Once the fear has a name, the next move is reframing what’s at stake. Most of these leaders, Dr. Fernandez has found, operate in verdict thinking: every outcome becomes a referendum on their worth. A decision that goes wrong isn’t information; it’s proof. A rejected application isn’t data; it’s confirmation. The shift she coaches toward is a verdict to experiment: not “what does this say about me,” but “what will this teach me.” It sounds small. In practice, it’s the difference between a leader who can tolerate trying and one who can’t.
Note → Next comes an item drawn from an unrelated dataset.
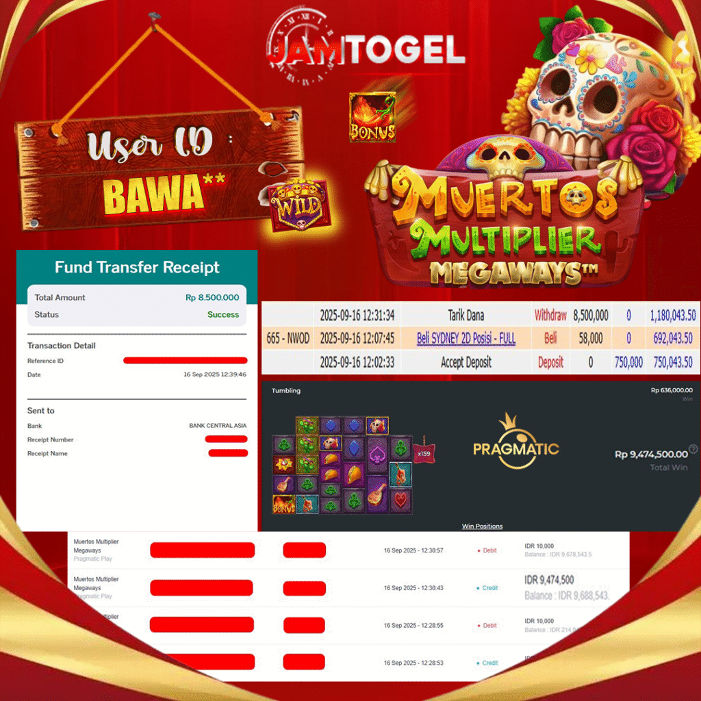 Selamat kepada member setia JAMTOGEL ID MUERTOS MULTIPLIER MEGAWAYS Telah menang dalam permainan SLOT WILD BOUNTY SHOWDOWN RP 8,500,000, – LUNAS langsung mendarat ke rekening tanpa bertele – tele atau syarat apapun. Kami ucapkan terimakasih telah mempercayakan JAMTOGEL sebagai situs bandar terpercaya yang dijamin aman dikarenakan berapapun kemenangan member pasti LUNAS!

Decatastrophization: The Coaching Method That Doesn’t Dismiss Fear

The tool Dr. Fernandez uses most for fear itself is decatastrophization, and she’s precise about what that actually means, since it gets flattened into “think positive” more often than it should be. Decatastrophization isn’t telling a client their fear is unfounded. It’s separating the story the brain is generating about what will happen from what is actually, evidentially, likely to happen, without dismissing what they’re feeling. The leader who won’t decide isn’t wrong that a bad decision has real consequences. She’s wrong that those consequences prove something permanent about her competence. Those are different claims, Dr. Fernandez says, and most people have never been asked to tell them apart. She’s careful to name the boundary clearly: this is coaching, not therapy. The work isn’t treating the origin of the fear. It’s working with how that fear is showing up right now, in this decision, this meeting, this application that still hasn’t been submitted.

The leader who feels like a convincing performance of himself hasn’t tested the belief that speaking up would make things worse. Not once, not in this role, not with this team. The work with him was never about assertiveness training, Dr. Fernandez explains. It was one sentence, said out loud, low stakes enough to survive and honest enough to matter. That’s the whole intervention. It sounds too simple to work. In practice, it is the hardest thing most clients are asked to do.
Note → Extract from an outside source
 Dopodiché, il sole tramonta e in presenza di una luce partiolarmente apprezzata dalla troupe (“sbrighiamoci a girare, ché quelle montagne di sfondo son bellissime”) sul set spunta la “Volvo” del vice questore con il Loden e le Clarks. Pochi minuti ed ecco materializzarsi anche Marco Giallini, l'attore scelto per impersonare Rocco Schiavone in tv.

This work is personal for Dr. Fernandez, not theoretical. She has navigated her own version of it, in what she’s come to call her chrysalis of crisis, and what she now builds entire frameworks around is this: self-belief isn’t a feeling to wait for. It’s a decision made while the evidence is still incomplete. Her coaching practice serves leaders across industries, including education, nonprofit, engineering, and beyond.
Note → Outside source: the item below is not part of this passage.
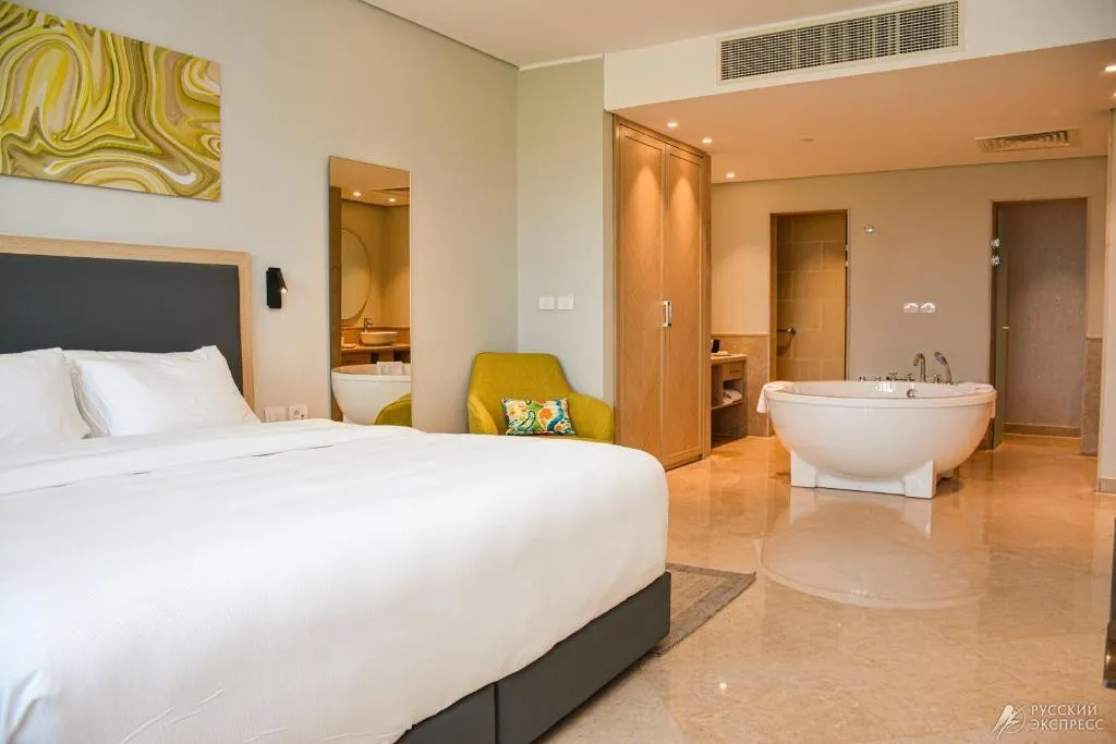 50 м2, с видом на море или поле для гольфа и меблированным балконом. В номере: king-size кровать, гостиная, софа, рабочий стол, мраморная ванная комната с двумя раковинами. Доступно посещение спа-центра, бизнес-центра и индивидуальная регистрация заезда и выезда.

The Future of Conscious Leadership: Closing the Fear Gap

Organizations lose an enormous amount when this pattern goes unaddressed, Dr. Fernandez argues, not because these leaders are underperforming on any review, but because the version of them capable of applying, deciding, speaking, and growing is sitting one conversation away from the version currently going through the motions. That gap isn’t a training gap. It’s a fear gap. And fear gaps don’t close because someone was told to be braver. They close because someone learned, specifically and repeatedly, that the thing they were protecting themselves from was survivable all along.